The Lipstick King – China’s Biggest Influencer
Society4 Minutes Read

The Lipstick King – China’s Biggest Influencer

November 18, 2021 Share

Li Jiaqi, otherwise known as the ‘Lipstick King’ or ‘Lipstick Brother’, is a certified online superstar in China. Despite being largely unknown outside the Middle Kingdom, the 29-year-old shopping livestreamer has 40 million fans on Douyin, the Chinese version of TikTok, and recently sold almost $2 billion of goods during China’s Singles’ Day shopping festival. His flamboyant personality and infectious enthusiasm over the beauty products he sells have won the hearts and minds of China’s online shopping community, making him one of the most recognisable faces in China to date. 

Li Jiaqi livestreaming on his shopping channel – Credit: Youku

Li comes from humble beginnings in the southern province of Hunan and worked as a beauty advisor at a L’Oréal store in second-tier city Nanchang until five years ago. For the first few years of streaming on Taobao Live – a livestream channel linked to Alibaba’s e-commerce platform Taobao – Li struggled to make an impact. He received hateful comments regularly, with people asking why is this man livestreaming women’s beauty products.

Eventually though, his unique sales technique started to gain momentum online and views went up rapidly. People enjoy his ability to grab their attention with his favourite catchphrase “Oh, my God! Buy it! Buy it!”, which he actually tried to trademark last year.

Today he has reached an unparalleled level of online fame. He sold a staggering $1.9 billion in goods on the first day of Alibaba’s 2021 Singles’ Day, reportedly clocking an insane 250 million viewers on his livestream.

Li holds the Guinness World Record for most lipstick applications in 30 seconds and once tried on 380 different lipsticks in a seven-hour livestream. In 2018 he even managed to sell 15,000 lipsticks in five minutes, beating billionaire co-founder of Alibaba Group Jack Ma in a one-to-one selling competition.

Li was on the Hurun China Under 30s to Watch List in 2019 and had an estimated net worth of somewhere between $1 million and $5 million. However, since the Covid-19 pandemic and the explosion of online shopping, Li has reached another level and boasts huge clout in China’s e-commerce market, influencing the purchasing choices of millions of people.

Jing Daily reported in 2020 that a mere five-minute section of Li’s livestream caused the sales of a hotly anticipated 24-shade line of lipsticks from Hermès to tank in China after he told his 12 million viewers that the shades looked “cheap.” 

In 2021, Chinese media estimates that Li earns somewhere between $10 and $20 million from livestreaming each month, and Time has projected Li will be worth $15 billion by 2023 from livestreaming alone. He has become a household name in China, even appearing on state broadcaster CCTV’s Spring Festival Gala, the biggest TV event of the year.
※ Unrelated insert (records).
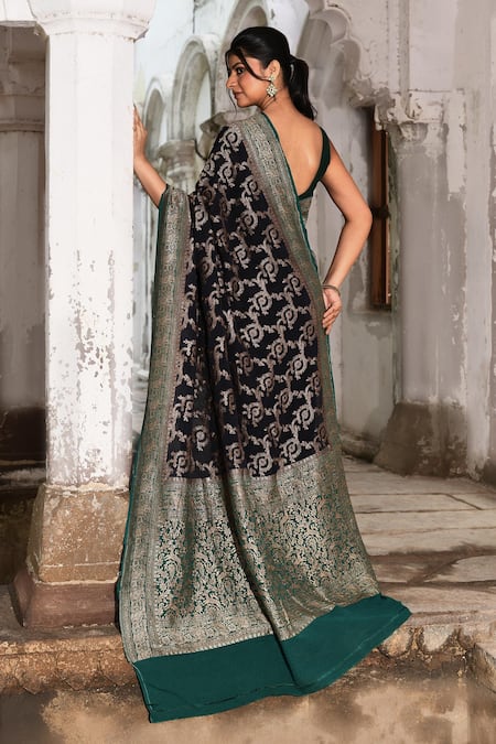 Buy_Naaritva India_Navy Crepe, Silk Zari Blue Handwoven Banarasi Saree With Running Blouse _at_Aza_Fashions
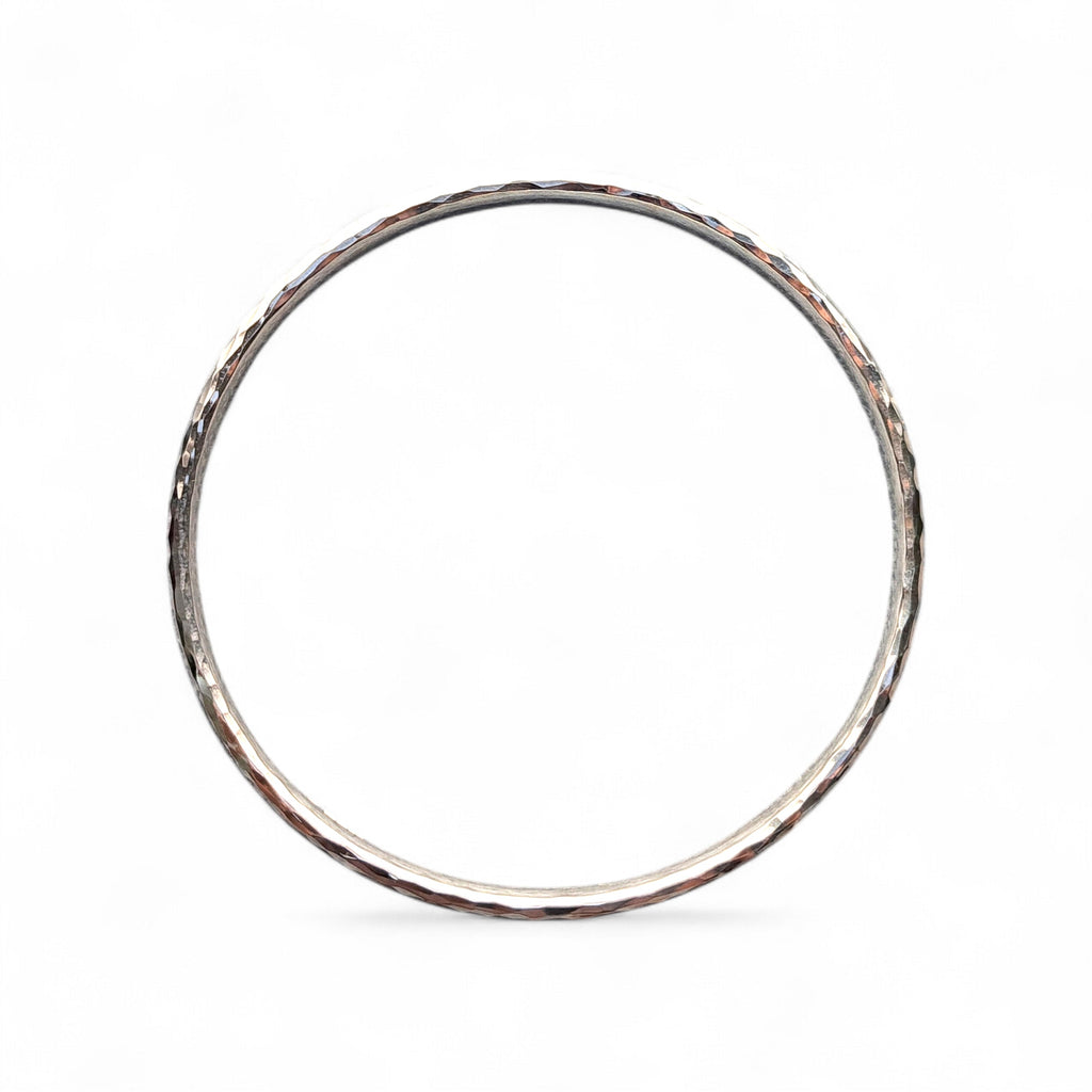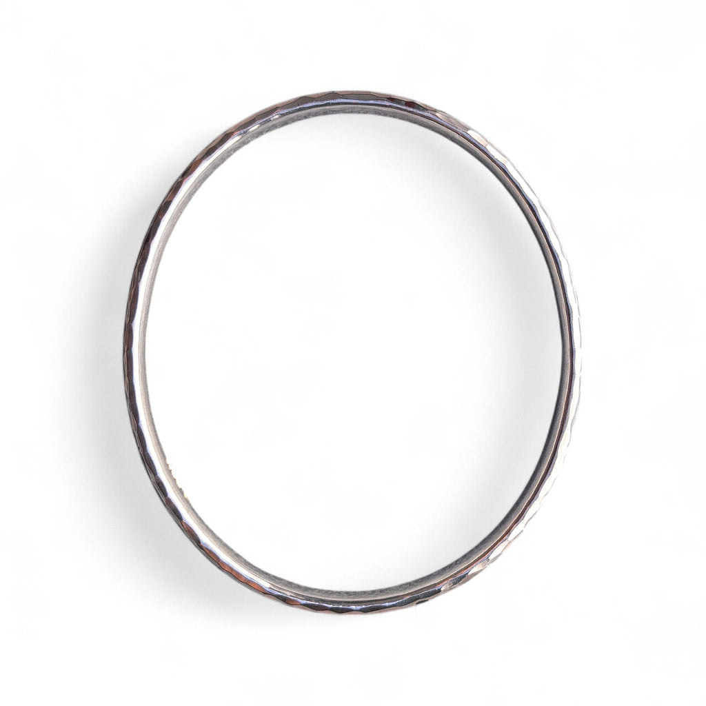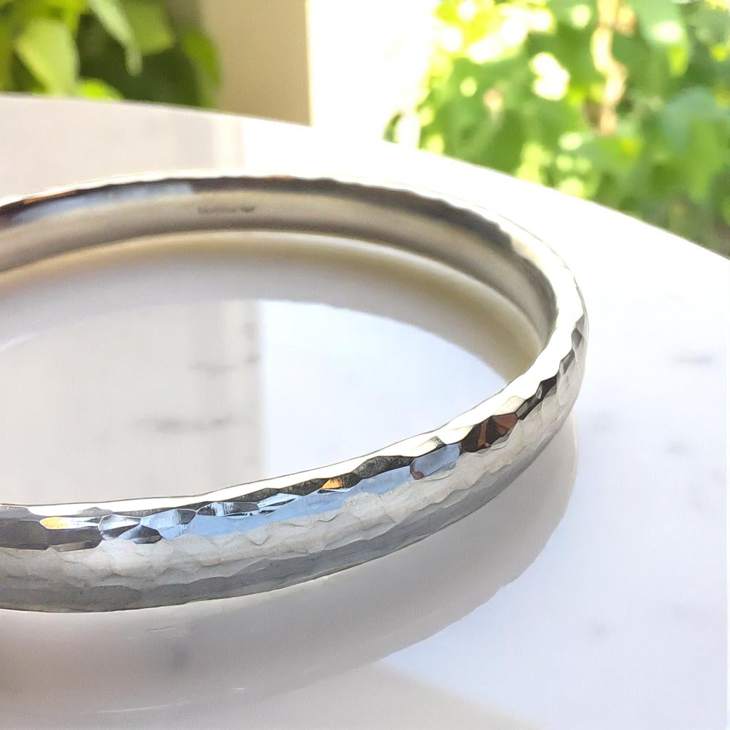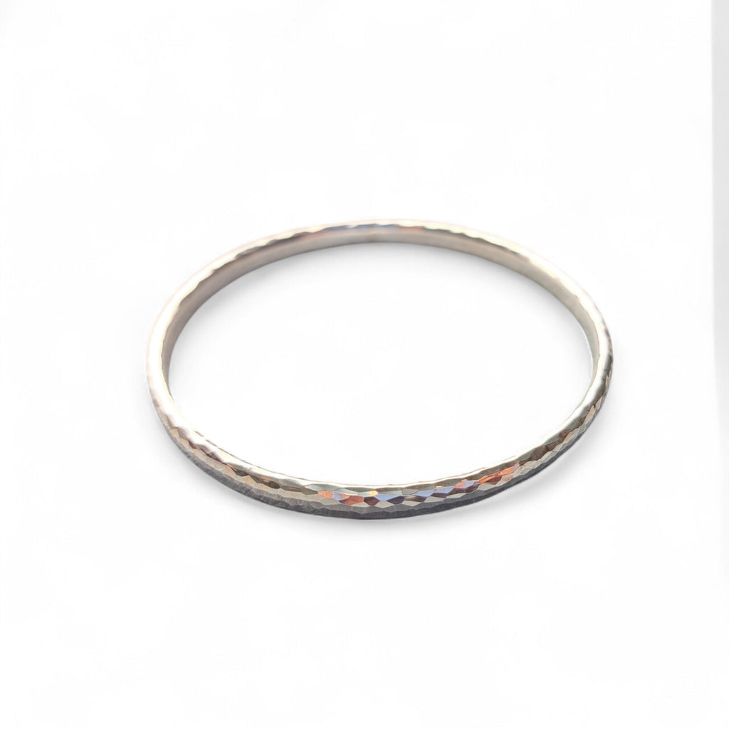8mm solid sterling silver bangle, available in a round or an oval shape, with a pretty hamemred finish.
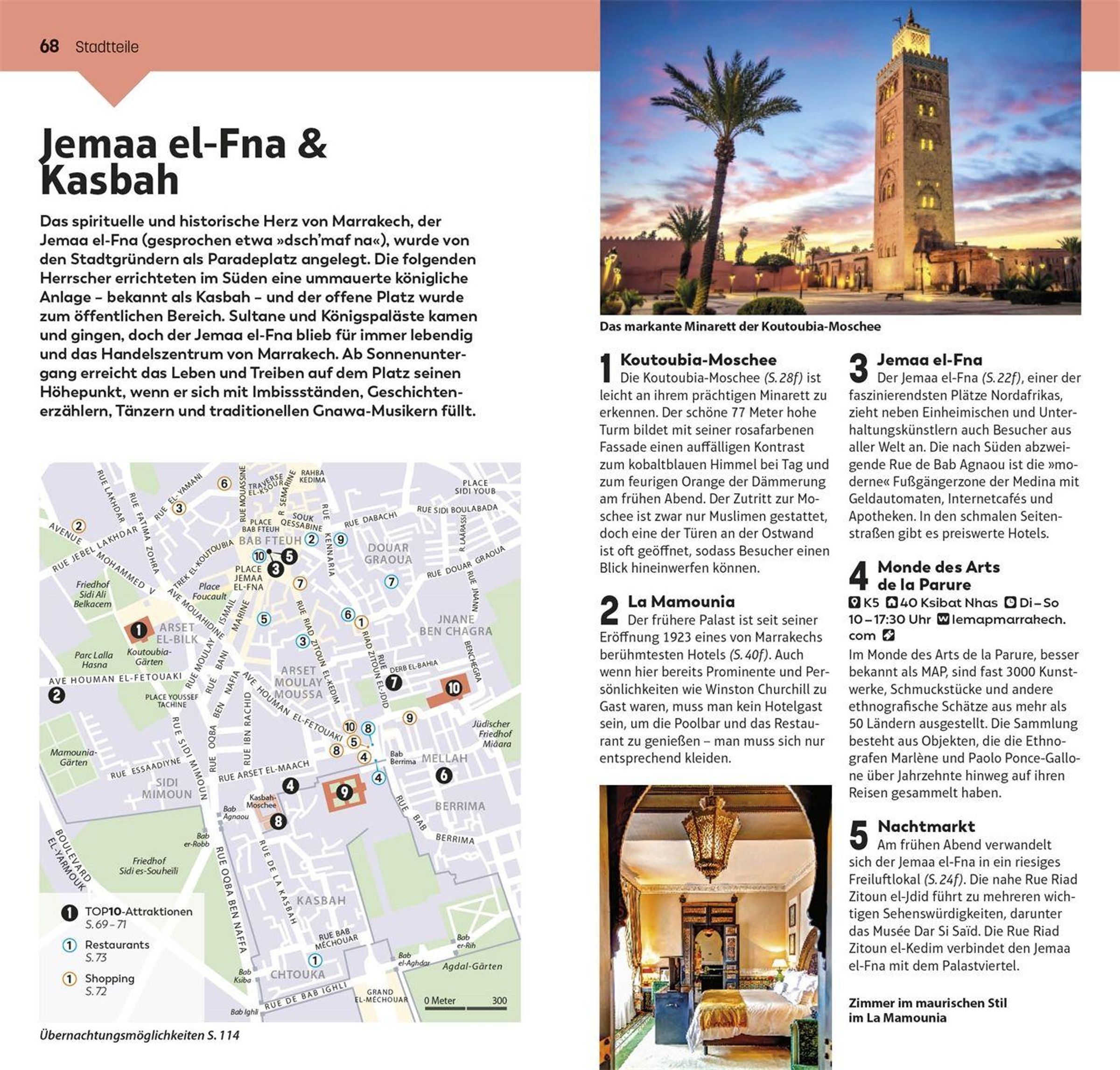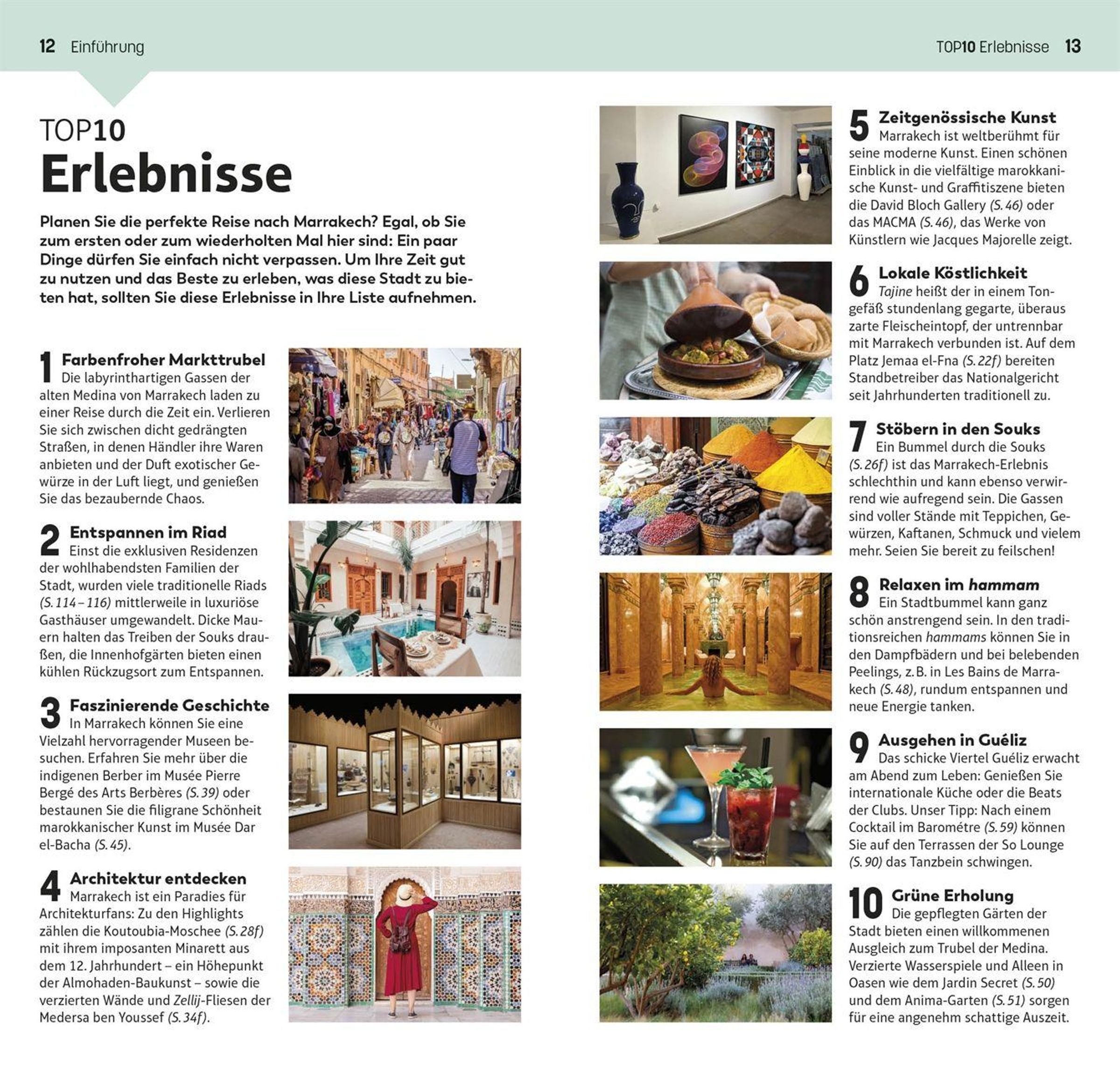 Die 10 interessantesten Souks, die 10 besten Hammams & Spas, die 10 schönsten historischen Gebäude: Mit dem TOP10-Prinzip planen Sie Ihre Marrakech-Reise einfach und ganz individuell. Die praktischen TOP10-Listen präsentieren alle Attraktionen auf einen Blick: von denabsoluten Highlights wie der Koutoubia-Moschee überbesondere Themen wie Parks & Gärten oder Kunst & Kultur bis zu den einzelnen Stadtteilen mit ihren Attraktionen, Restaurants und Shops. So gestalten Sie im NuIhre persönliche Bucket List. Außerdem erwarten Sie Empfehlungen für die TOP10-Erlebnisse , spannende Erkundungstouren und ein Streifzug durch Marrakechsfaszinierende Geschichte . Vor Ort ist der leichte, kompakte TOP10-Reiseführer schnell zur Hand, bietet Ihnen wertvolle Reise-Infos und führt Sie mit detaillierten Karten und dem herausnehmbaren wetterfesten Stadtplan sicher an jedes Ziel.

Chinese women in particular have been won over by Li’s assuring voice and clever sales tactics. He criticises luxury brands like Chanel while outlining why he prefers some lesser-known beauty products, assuring his viewers that his opinion can be relied upon.

A fund-raising livestream he did for the city of Wuhan, the epicentre of the Covid-19 pandemic, further demonstrated his endearing online persona to the masses. On top of the funds raised, he donated 40,000 masks to the city.

The Lipstick King is currently riding a wave of invincibility at the pinnacle of China’s booming e-commerce industry. He even survived a recent piece of legislation that cracks down on what it calls the “feminisation” of young males who don’t conform to China’s gender norms.

Recently though, Li’s livestreams have promoted a new message for his followers, and it spells trouble for international brands.

He has been promoting domestic brands in the hope that he will influence his followers to buy Chinese. The advice comes as many high-profile Chinese influencers fall in line with the Chinese Communist Party’s “cultural confidence” movement that promotes the country’s traditional culture and endorses all things national.

Li Jiaqi in traditional clothing to promote his domestic brand livestream – Credit: @李佳琦直播官方微博 on Weibo

Younger generations of patriotic Chinese are responding to the message as they believe national brands are just as good as luxury foreign ones.  Li’s journey from humble beginnings makes him the perfect person to promote this movement because people trust him.

Li continues to work with foreign brands but is clearly adhering to the “cultural confidence” movement. According to Sixth Tone, he has featured more than 400 Chinese products in his livestreams in 2021, compared to around 200 last year.

“In recent years, I feel that young Chinese people have become more confident,” Li told Sixth Tone. “Their pride in our national culture has gotten stronger.”

Li’s influence in the industry is that far-reaching that his livestreams alone could play a major role in boosting the market and preventing Chinese money from flowing overseas. One thing for sure is that the Lipstick King will be a name you hear a lot more of over the next few years.